We have all heard the story tonight, and Detroit Lewis saw this coming. I predicted early on “There will never be a hotel built at that site.” Trust me, I hate being the ‘I told you so’ guy, but this was obvious from the beginning. I will leave you with my public scolding tonight at the city council meeting.

UPDATE: The city just sent this out;

CLARIFICATION: The City of Sioux Falls has not ruled out private development at this site in the future. At this time, we are focused on the completion of the parking ramp portion of the project.

Today, the City of Sioux Falls provided the Village River Group (VRG) with a notice of termination of their development agreement and ground lease for the Village on the River project.

On December 29, 2017, the City entered into a development agreement for construction of a mixed-use development including a public parking ramp and private hotel with leasable retail space.

The City has invested significant time and resources working with VRG in furtherance of performance of the development agreement.

On April 1, 2019, the City notified VRG that it was in default on the Village on the River project.

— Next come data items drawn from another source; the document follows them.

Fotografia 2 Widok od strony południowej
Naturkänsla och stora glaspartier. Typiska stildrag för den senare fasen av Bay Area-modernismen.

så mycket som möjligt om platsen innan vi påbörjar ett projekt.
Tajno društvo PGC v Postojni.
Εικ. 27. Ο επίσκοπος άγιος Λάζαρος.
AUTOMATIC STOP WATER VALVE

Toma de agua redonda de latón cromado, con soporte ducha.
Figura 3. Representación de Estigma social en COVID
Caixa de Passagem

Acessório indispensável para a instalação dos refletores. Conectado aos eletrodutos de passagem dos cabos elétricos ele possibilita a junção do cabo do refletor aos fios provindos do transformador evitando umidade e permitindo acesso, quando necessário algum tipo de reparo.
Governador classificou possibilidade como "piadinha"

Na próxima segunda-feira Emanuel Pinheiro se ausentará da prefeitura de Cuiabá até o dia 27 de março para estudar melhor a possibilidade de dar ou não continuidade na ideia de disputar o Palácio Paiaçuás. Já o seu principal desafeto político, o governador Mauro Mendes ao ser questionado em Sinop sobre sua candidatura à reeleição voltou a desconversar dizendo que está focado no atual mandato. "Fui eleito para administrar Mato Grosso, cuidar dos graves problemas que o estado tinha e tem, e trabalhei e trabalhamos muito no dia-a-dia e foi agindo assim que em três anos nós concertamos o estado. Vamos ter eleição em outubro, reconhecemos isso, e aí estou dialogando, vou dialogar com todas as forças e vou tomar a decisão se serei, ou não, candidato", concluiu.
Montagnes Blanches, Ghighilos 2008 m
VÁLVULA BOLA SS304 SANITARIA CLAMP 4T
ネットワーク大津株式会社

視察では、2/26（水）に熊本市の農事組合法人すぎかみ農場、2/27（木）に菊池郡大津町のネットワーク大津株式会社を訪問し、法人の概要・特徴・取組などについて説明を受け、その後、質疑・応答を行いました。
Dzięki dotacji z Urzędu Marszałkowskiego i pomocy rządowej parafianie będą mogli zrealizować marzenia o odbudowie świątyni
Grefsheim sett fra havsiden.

In accordance with the development agreement, VRG had 30 calendar days to cure multiple defaults. VRG has failed to cure these defaults within the development agreement’s cure period or at any time thereafter.

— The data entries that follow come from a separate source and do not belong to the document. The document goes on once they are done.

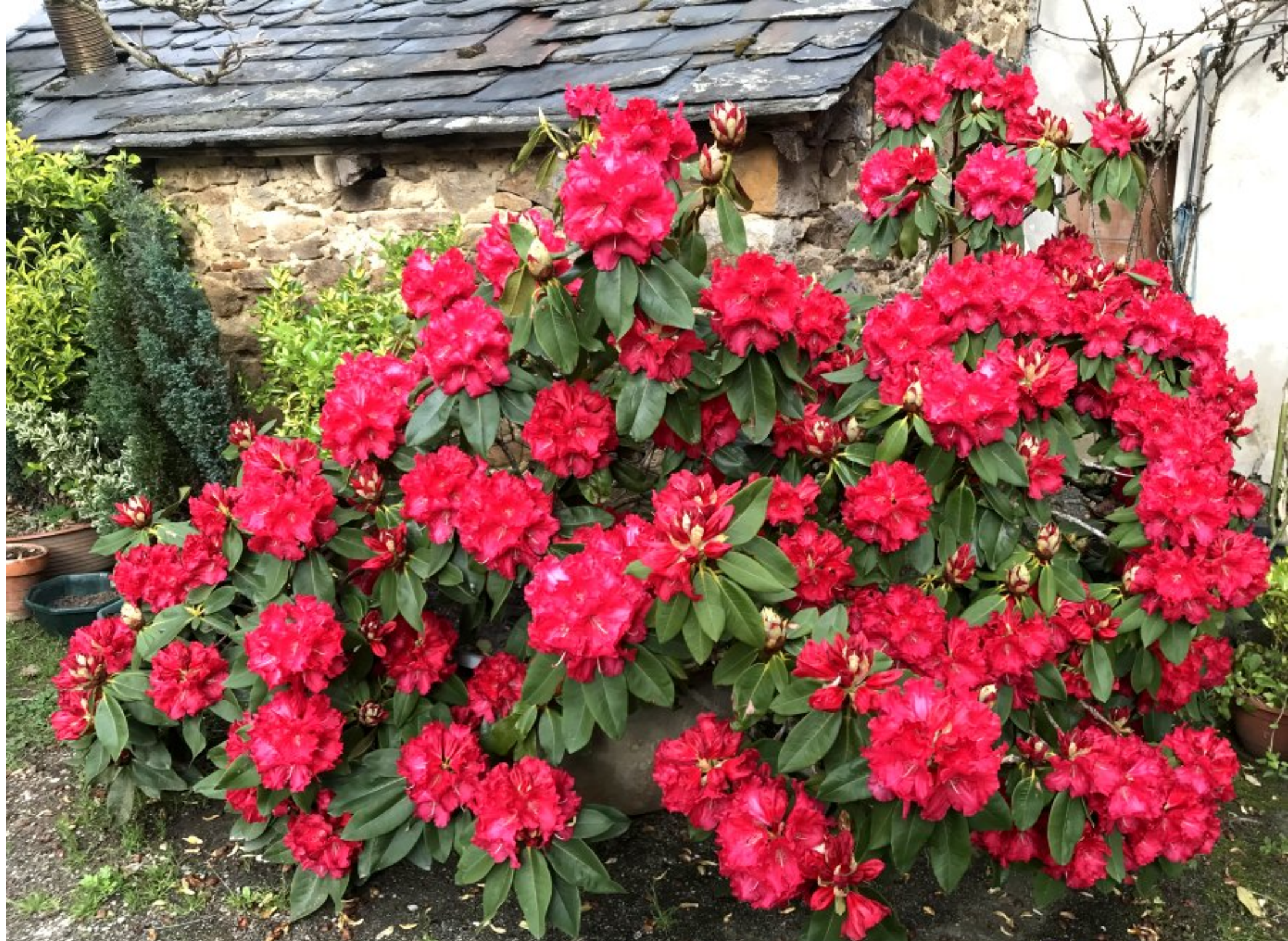
à la Tourénie le rhododendron est en fleurs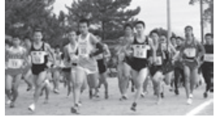
いっせいにスタート、健脚を競う！

また、本大会から新設したフレンドリーシップ部門では、親子で楽しく走る姿が見られました。結果は次のとおりです。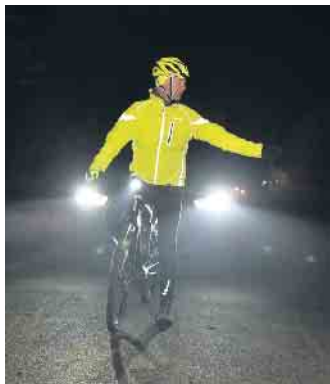
Reflektoren an der Kleidung sind in der dunklen Jahreszeit angesagt.

weise dem Wetter und den Sichtverhältnissen anpassen, langsamer und vorausschauend fahren. Durch saubere Frontscheiben und Scheinwerfer sowie funktionsfähige Wischerblätter kann die Sicht deutlich verbessert werden. (mid/ak-o)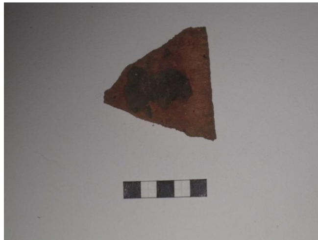
Gripur nr. 21 Rauður múrsteinn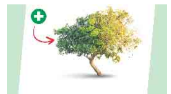
Die Gemeinde Weilerswist hat 2693 Bäume, die nun in einem Kataster erfasst sind.

Insgesamt stehen derzeit 295 offene Baumpflegemaßnahmen an. Das betrifft 259 Einzelbäume, der Rest verteilt sich auf Baum- und Strauchflächen. Mit 99 Einsätzen sind die Baumpfleger am häufigsten in Weilerswist im Einsatz. Fünf Bäume werden vermutlich Bekanntheit mit einer Art Kernspintomograph machen, um diese eingehend zu untersuchen. 32 Bäume müssen leider gefällt werden, vorwiegend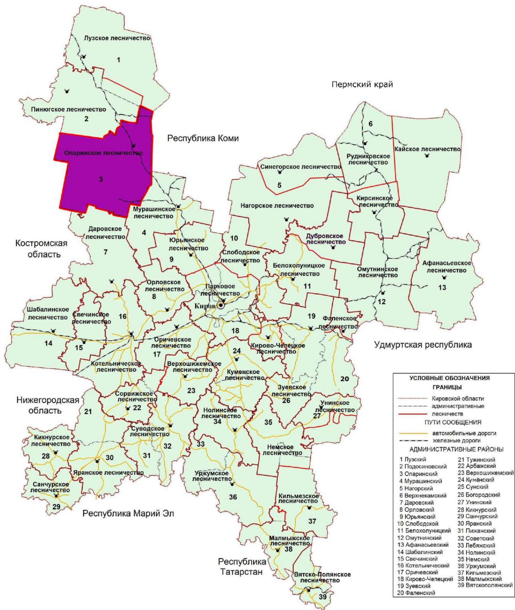
Рисунок 1. Карта-схема Кировской области с выделением территории Опаринского лесничества

территориального расположения Опаринского лесничества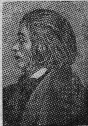
Адам Мицкевич.

26 ноября исполняется 85 лет со дня смерти великого польского поэта Адама Мицкевича.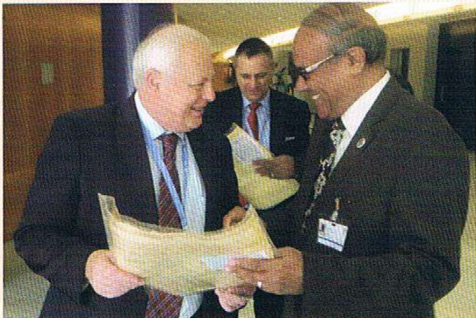
مع السيد رئيس الاتحاد الإقليمي الثالث - أوروبا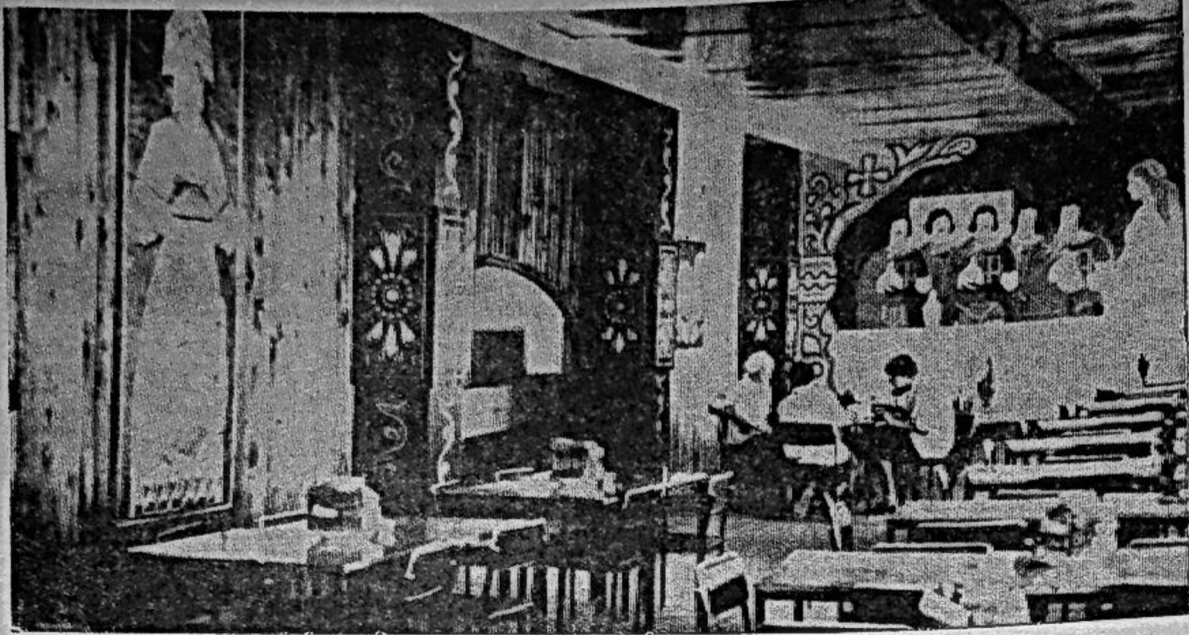
Интерьер столовой «Карловчанка», выполненный художниками УКБХ.

The project can and will proceed as a stand-alone parking ramp which will alleviate parking challenges within downtown Sioux Falls.

Consistent with protecting taxpayer interests, the City has reserved any and all of its legal remedies available to it under the terms of the development agreement.

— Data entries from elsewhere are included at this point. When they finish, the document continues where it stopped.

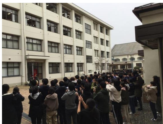
センター壮行会(15日昼休み「フレ!フカシ!」)

今年で最後となる大学入試センター試験が、18日から二日間の日程で行われました。1990年に始まったこのセンター試験、次第に私大の利用校が増えて、今年は短大を含め過去最多の858校に上るのだそうです。来年度からは、より思考力を重視されている大学入学共通テストに衣替えするため、今年は安全志向で、浪人を避けるような志願傾向にあるとの分析があります。一方で、難関と呼ばれる大学の志願者が減って、最後まで第一志望を貫けばチャンスが例年より大きくなる、との見方を示した予備校関係者もいました。意志あるところに道は開ける。あまり情報に惑わされずに、自分の将来のために、自分の意志で進むべき道を決めていきましょう。ちなみに来年度実施の大学入学共通テストは根幹の部分が揺らいでいます。昨年の11月に英語における民間資格・検定試験の活用の延期が決まり、12月には、国語と数学への記述式問題の導入を見送ることが発表になりました。これで、センター試験との大きな違いであった二つの柱は、どちらも消えることとなります。前日に雪の予報が出て、ちょっと心配させられましたが、幸い初日は薄曇り。寒さも例年並みで、天候と交通による影響はなく、落ち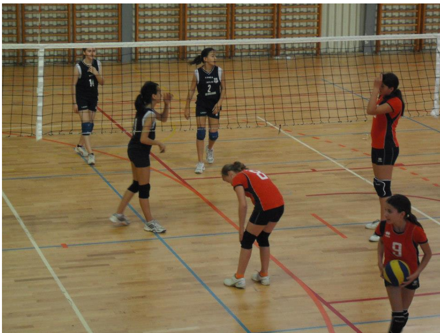
Slika 3. Mini odbojka

Mini odbojka je namijenjena za mlađe uzraštaje, pravila su znatno drugačija od prave odbojke i igra se na manjem terenu s manje igrača, tri igrača te se igra s laganijom loptom. Praktično rješenje da se uključi što više mlađih naraštaja u odbojkašku aktivnost. „Pojednostavljeno rečeno „ Mini odbojka didaktičko je prilagođavanje igre odraslih na djecu“. Mini odbojka omogućuje djeci da imitiranjem igre po pravilima odraslih, veselom i privlačnom igrom, lagano i brzo usvoje osnovnu tehniku i elementarnu taktiku odbojkaške igre.“ 15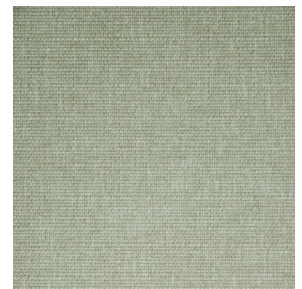
MUNA Sable 67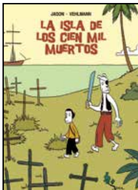
La isla de los cien mil muertos 56 páginas. 13 euros ISBN: 978-84-15163-96-1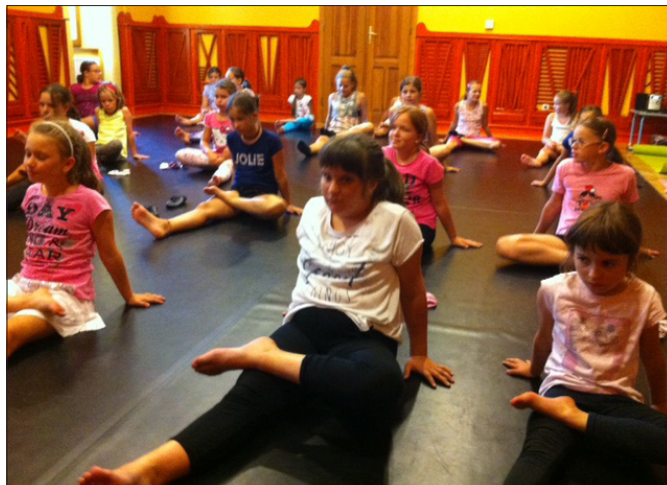
Jazz balett: megismerkedtek a jógával is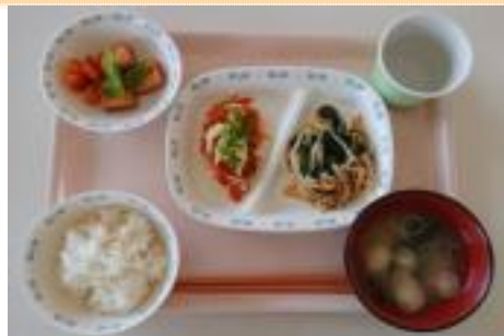
E 魚のピザソース焼きランチ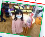
見て見て！プレゼントあったよー！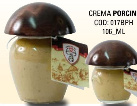
CREMA PORCINI COD: 017BPH 106_ML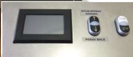
řídící panel BSML 21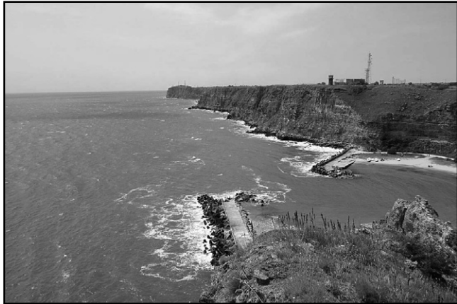
камуфлажен каяк. След крайбрежната ивица. Рибари от Шабла също търсеха

In other news, at the Informational meeting, councilor Brekke read her letter to the editor that Cory Myers, News Director of the Argus Leader refused to publish;

May 6, 2019

Letter to the Editor

From: City Councilmember Janet Brekke

I am writing in response to the recent letter to the Editor by Former Councilmember Rex Rolfing and the May 5th Argus Leader Editorial. In my opinion both articles missed the point.

In today’s environment of good versus evil, winners versus losers, or us versus them, frameworks it is plain to see that the Sioux Falls City Council is suffering from the same ultra-polarization that is immobilizing our Federal Government.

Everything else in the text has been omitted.